## What you should do:
Wherever "automáticos" appears in a line of the listing, report that line.

## Material provided:
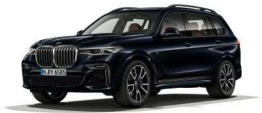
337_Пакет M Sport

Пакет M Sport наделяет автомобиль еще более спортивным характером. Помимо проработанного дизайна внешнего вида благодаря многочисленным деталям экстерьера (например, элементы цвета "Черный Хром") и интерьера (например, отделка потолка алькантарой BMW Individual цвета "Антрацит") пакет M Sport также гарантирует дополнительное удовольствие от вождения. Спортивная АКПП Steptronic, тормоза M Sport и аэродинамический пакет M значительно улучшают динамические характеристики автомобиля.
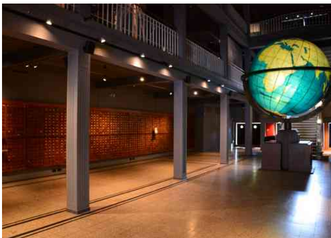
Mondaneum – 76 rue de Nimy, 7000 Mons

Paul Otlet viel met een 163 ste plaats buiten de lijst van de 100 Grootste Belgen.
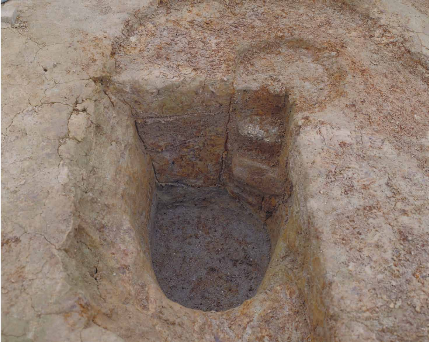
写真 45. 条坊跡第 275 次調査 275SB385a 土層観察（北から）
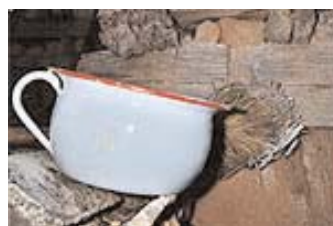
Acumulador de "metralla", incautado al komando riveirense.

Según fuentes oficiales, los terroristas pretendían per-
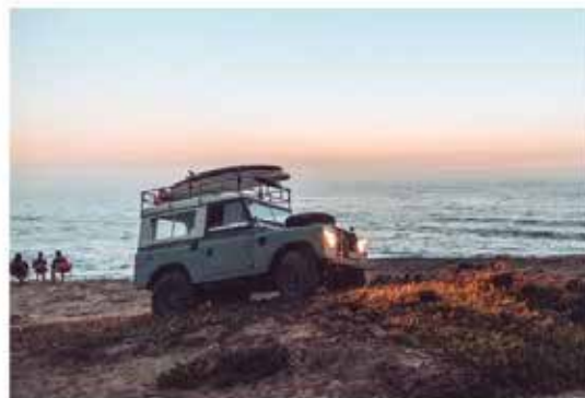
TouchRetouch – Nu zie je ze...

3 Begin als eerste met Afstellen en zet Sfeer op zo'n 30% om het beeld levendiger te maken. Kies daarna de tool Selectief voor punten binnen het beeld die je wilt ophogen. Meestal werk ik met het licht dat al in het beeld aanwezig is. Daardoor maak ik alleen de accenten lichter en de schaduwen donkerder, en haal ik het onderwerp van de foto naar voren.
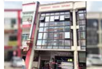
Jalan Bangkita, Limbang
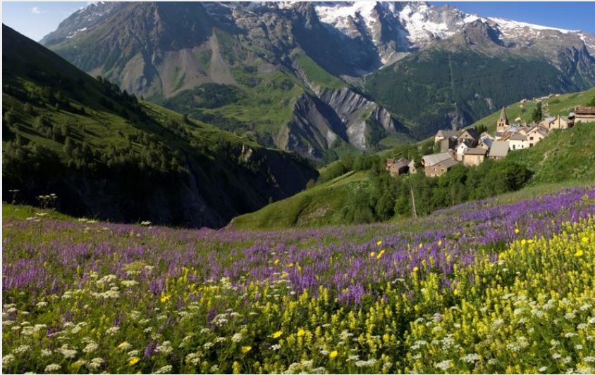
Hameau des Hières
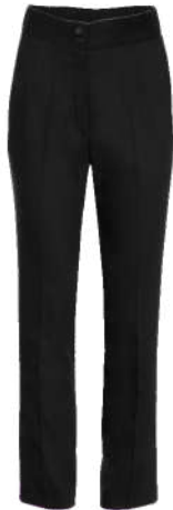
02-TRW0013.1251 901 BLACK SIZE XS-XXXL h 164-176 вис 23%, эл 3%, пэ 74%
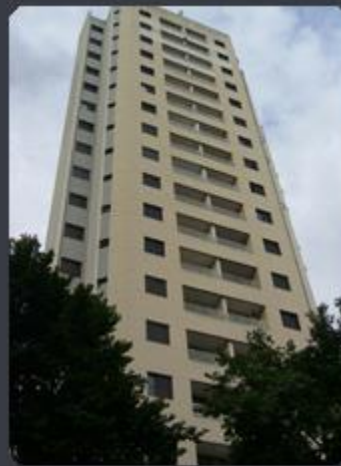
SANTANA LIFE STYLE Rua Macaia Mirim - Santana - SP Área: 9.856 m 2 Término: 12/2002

---

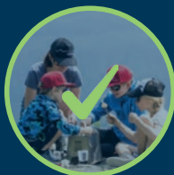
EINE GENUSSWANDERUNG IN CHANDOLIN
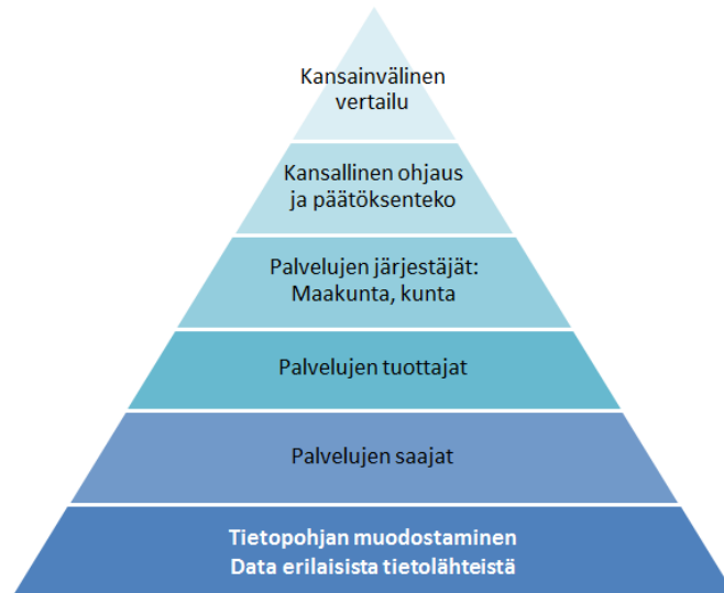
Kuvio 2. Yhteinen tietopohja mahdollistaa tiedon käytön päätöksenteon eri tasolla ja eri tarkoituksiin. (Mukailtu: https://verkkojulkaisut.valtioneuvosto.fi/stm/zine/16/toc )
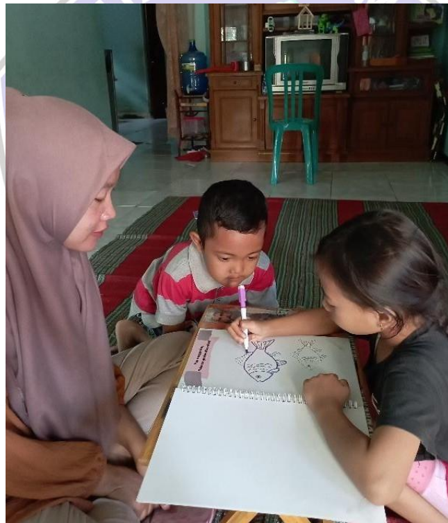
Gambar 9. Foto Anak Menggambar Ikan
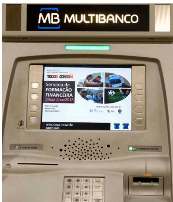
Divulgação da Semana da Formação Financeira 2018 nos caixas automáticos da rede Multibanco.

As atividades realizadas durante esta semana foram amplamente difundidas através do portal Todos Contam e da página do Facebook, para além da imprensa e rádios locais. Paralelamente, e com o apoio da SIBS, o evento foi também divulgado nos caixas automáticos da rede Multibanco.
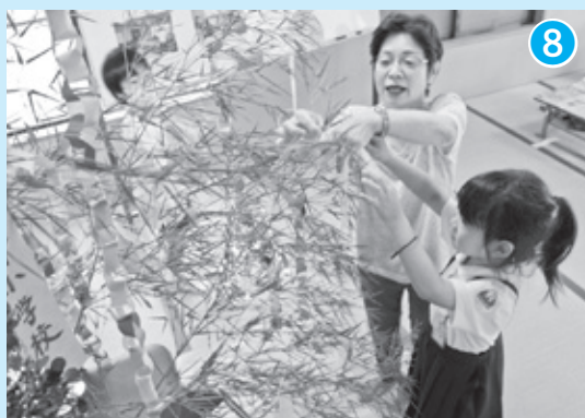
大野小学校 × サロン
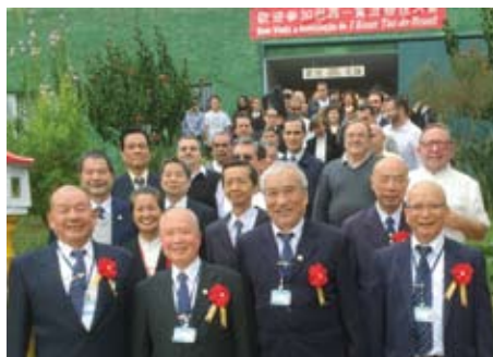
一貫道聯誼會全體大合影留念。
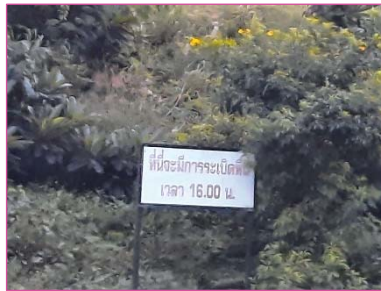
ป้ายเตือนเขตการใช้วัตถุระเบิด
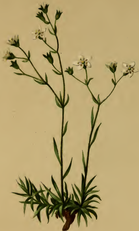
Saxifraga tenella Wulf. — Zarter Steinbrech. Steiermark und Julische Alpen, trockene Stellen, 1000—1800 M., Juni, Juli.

## Completed task:
Divulgação da Semana da Formação Financeira 2018 nos caixas automáticos da rede Multibanco.
As atividades realizadas durante esta semana foram amplamente difundidas através do portal Todos Contam e da página do Facebook, para além da imprensa e rádios locais. Paralelamente, e com o apoio da SIBS, o evento foi também divulgado nos caixas automáticos da rede Multibanco.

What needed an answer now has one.